Im hinteren Teil des Wracks schien sich einer der Soldaten unter Kontrolle zu haben. Es war ein älterer Mann, der mit der Waffe in der Hand aufgesprungen war und seinen Zug anbrüllte. (Ein Sergeant? Oder wurde im hawai'ianischen Militär ein Zug von einem anderen Dienstgrad kommandiert?) »E hele!« bellte er. »Los, los, los!«

Um mich herum griff jetzt die militärische Ausbildung. Die jungen Soldaten mußten fast so erschüttert sein wie ich, aber wenn man von einem Vorgesetzten angebrüllt wird, bedarf es keiner intellektuellen Leistung, um zu gehorchen. Tief verwurzelte Reflexe übernehmen. Soldaten befreiten sich von ihren Gurten, sprangen auf und überprüften ihre Waffen. Pohaku und Kono ebenfalls. Die einzigen, die nicht reagierten, waren ich selbst, Akaku'akanene und der tote Soldat, der zusammengekrümmt im Gang lag. Der Sergeant brüllte erneut ...
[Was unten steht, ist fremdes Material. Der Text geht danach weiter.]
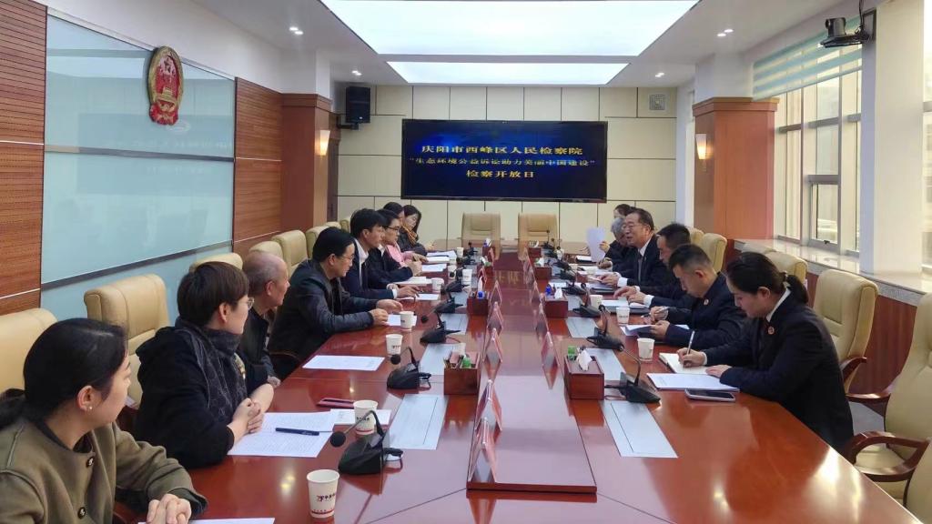 庆阳市西峰区检察院开展检察开放日活动,邀请区人大代表、政协委员、听证员、“益心为公”志愿者参观12309检察服务中心、检察听证室,近距离了解该院生态环境公益诉讼工作开展情况。受邀代表对西峰区检察院开展生态环境公益诉讼工作取得的成效予以肯定,并对公益诉讼检察工作积极建言献策。

Und meine eigene Ausbildung meldete sich zu Wort wie ein Geist aus der Vergangenheit. Keine Militärausbildung, aber das Zweitbeste, Lone Star. Ich löste meinen Gurt, und meine Reflexe ließen mich aufspringen. Ich sah mich nach dem Ausgang um. Es gab nur die eine Tür in der Wandung, durch die wir eingestiegen waren. Das ergab nicht besonders viel Sinn, oder? Wie sollte man Kampftruppen ausladen - möglicherweise sogar unter Beschuß -, wenn einem dafür nur eine armselige kleine Ausstiegluke zur Verfügung stand?

Eine Erschütterung, die mir durch Mark und Bein fuhr, beantwortete diese Frage. Ich hatte dem hinteren Teil der Passagierkabine keine besondere Beachtung geschenkt. Zwar war mir aufgefallen, daß der Boden hinter den letzten Sitzen im Winkel von fünfundvierzig Grad nach oben zeigte, hatte das aber für ein konstruktionsbedingtes Merkmal gehalten und nicht weiter darüber nachgedacht. Jetzt begriff ich. Die aufwärts geneigte Metallwandung war zu einer abwärts geneigten Metallrampe geworden und von Explosivladungen vom Rest der Wandimg abgesprengt worden. Bevor die Echos verklungen waren, hallten die Schritte der Soldaten auf dem Metall, als die Soldaten die Rampe hinunterrannten. Pohaku und Kono waren ihnen auf den Fersen, wobei die Frau lange genug innehielt, um mir noch einen vielsagenden ›Jetzt oder nie‹-Blick über die Schulter zuzuwerfen.

Währenddessen mühte sich Akaku'akanene mit dem Vierpunktgurt ab. Mit einem Seufzer ging ich in die Hocke und half ihr dabei, das Geschirr zu öffnen und die Riemen über ihre schmalen Schultern zu zerren. »E hele«, sagte ich zu ihr, und sie nickte. Während sie nach hinten zur Rampe eilte, holte ich mein Ares-Sturmgewehr unter dem Sitz hervor. Ich wollte ihr folgen, doch dann kam mir ein anderer Gedanke.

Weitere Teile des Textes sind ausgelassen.